ABOUT THIS EXERCISE: Write out, please, each line from the one containing "주문전 문의바랍니다. |" to the final line of the data, both included, exactly and without pictures.

Stored data entries
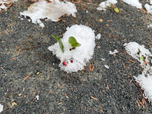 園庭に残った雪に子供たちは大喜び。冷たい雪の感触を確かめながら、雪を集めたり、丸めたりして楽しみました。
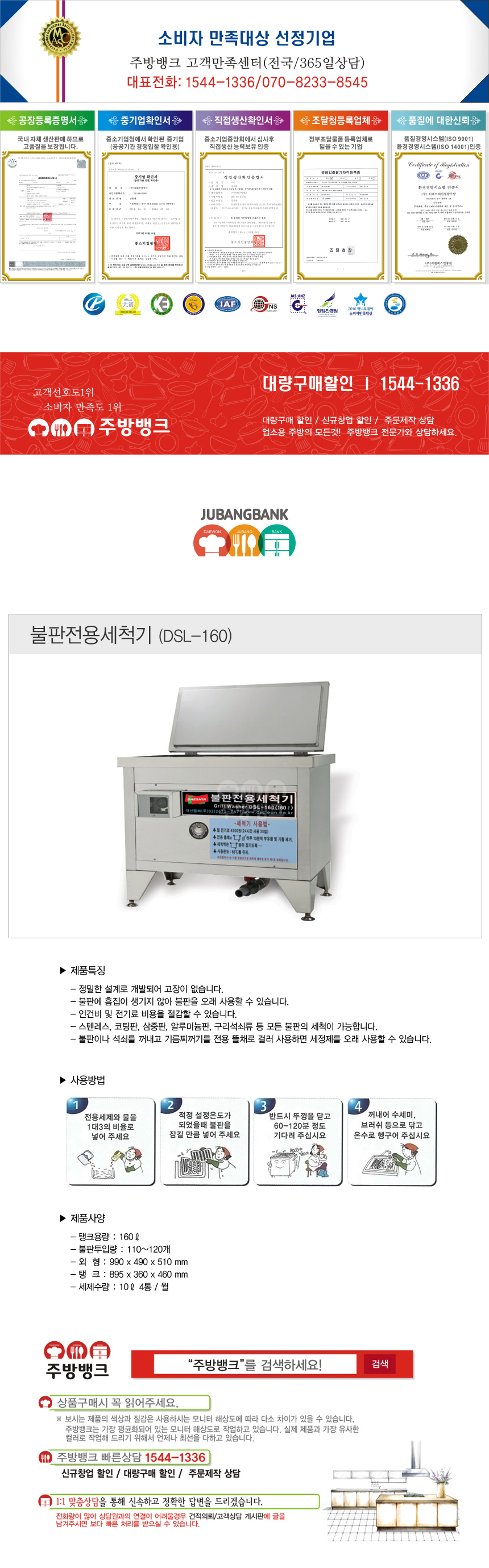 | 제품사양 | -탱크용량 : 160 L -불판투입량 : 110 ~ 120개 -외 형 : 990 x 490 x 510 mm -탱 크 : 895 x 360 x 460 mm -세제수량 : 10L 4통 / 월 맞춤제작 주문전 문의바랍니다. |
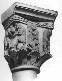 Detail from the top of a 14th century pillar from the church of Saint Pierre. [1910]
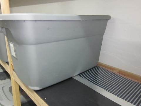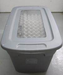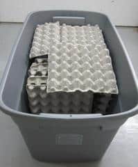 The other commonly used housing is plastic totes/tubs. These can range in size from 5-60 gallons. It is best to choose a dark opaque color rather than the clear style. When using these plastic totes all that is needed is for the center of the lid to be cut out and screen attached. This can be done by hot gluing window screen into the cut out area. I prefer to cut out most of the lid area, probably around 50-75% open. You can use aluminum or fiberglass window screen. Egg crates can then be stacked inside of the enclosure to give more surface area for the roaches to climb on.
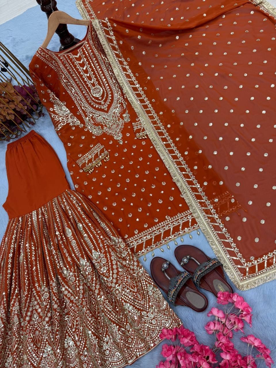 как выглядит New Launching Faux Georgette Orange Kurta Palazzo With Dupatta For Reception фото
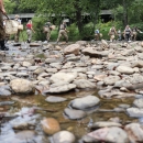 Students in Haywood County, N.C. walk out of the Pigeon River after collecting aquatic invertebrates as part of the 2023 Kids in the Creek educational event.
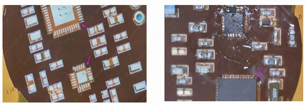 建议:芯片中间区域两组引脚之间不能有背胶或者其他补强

ANSWER BELOW:
 | 제품사양 | -탱크용량 : 160 L -불판투입량 : 110 ~ 120개 -외 형 : 990 x 490 x 510 mm -탱 크 : 895 x 360 x 460 mm -세제수량 : 10L 4통 / 월 맞춤제작 주문전 문의바랍니다. |
 Detail from the top of a 14th century pillar from the church of Saint Pierre. [1910]
 The other commonly used housing is plastic totes/tubs. These can range in size from 5-60 gallons. It is best to choose a dark opaque color rather than the clear style. When using these plastic totes all that is needed is for the center of the lid to be cut out and screen attached. This can be done by hot gluing window screen into the cut out area. I prefer to cut out most of the lid area, probably around 50-75% open. You can use aluminum or fiberglass window screen. Egg crates can then be stacked inside of the enclosure to give more surface area for the roaches to climb on.
 как выглядит New Launching Faux Georgette Orange Kurta Palazzo With Dupatta For Reception фото
 Students in Haywood County, N.C. walk out of the Pigeon River after collecting aquatic invertebrates as part of the 2023 Kids in the Creek educational event.
 建议:芯片中间区域两组引脚之间不能有背胶或者其他补强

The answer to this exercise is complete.